We could look, perhaps, to the following incident. On a certain Holy Thursday, the anniversary of the institution of the Blessed Sacrament by the Lord Himself, a priest was celebrating his first Mass. His name was Andre Fremiot, and the Mass was taking place in Dijon, France. St. Francis was present and assisted at the Mass. As he was to receive Holy Communion, he advanced forward on his knees. When he did, rays of light were seen encircling his head. They were especially brilliant at the moment he received the Eucharist. As the priest celebrating his inaugural Mass came from a family of some distinction, many of his relatives were there and witnessed this event.

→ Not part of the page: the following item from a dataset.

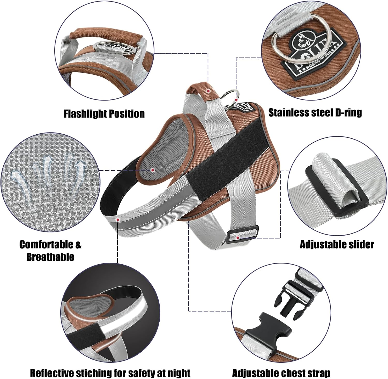 - STURDY HANDLE: The adjustable dog harness with rugged nylon handle further enhances your distance from the dog and is more intimate with each other. Easy on dog harness is also the best partner for dogs and is easy to control your dog.
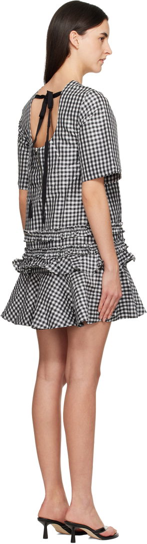 Semi-sheer recycled polyester seersucker minidress. Check pattern throughout. · Ruffled stand collar with self-tie fastening· Smocking at bodice· Puff sleeves· Low back · Fully lined.

This is but one incident. Perhaps another would help us believe. If so, one is available. Moving forward a few years, we come to an evening when St. Francis was working on the very book referenced above, Introduction to the Devout Life. He had collapsed while writing and his brother, Louis, entered the room. Above the head of Francis, he saw a ball of fire from which several flames descended. They danced around Francis and touched his garments, without burning them. When Francis was later able to speak, his brother asked him to describe what had happened. He did, but made his brother promise never to tell anyone.

These are but two incidents. Perhaps a third would persuade still more. If so, we can go to a chapel in Belley, France, shortly before the death of St. Francis. Here, he said a Mass for some sisters belonging to the Order of the Visitation. Once again, he was seen being surrounded by light.**

These are but three instances in the life of this devout man. There are miracles and other instances that are not being mentioned, due to constraints of space.

For St. Francis de Sales, as first stated above, the Eucharist was nothing less than the Real Presence of the Lord here on earth. This Lent, let the light that endowed his writing still speak to us. Let us truly appreciate the sacrifice made for us on the Cross and the Love that impels Him to remain here with us.

*Francis de Sales, St., Introduction to the Devout Life (Grand Rapids, MI, Christian Classics Ethereal Library) http://www.ccel.org/ccel/desales/devout_life.html, Part II, Chapter 14)
** Accounts of the events in the life of St. Francis based on St. Francis de Sales by Louise Stacpoole-Kenny (Rockford, IL, Tan Books, 2002).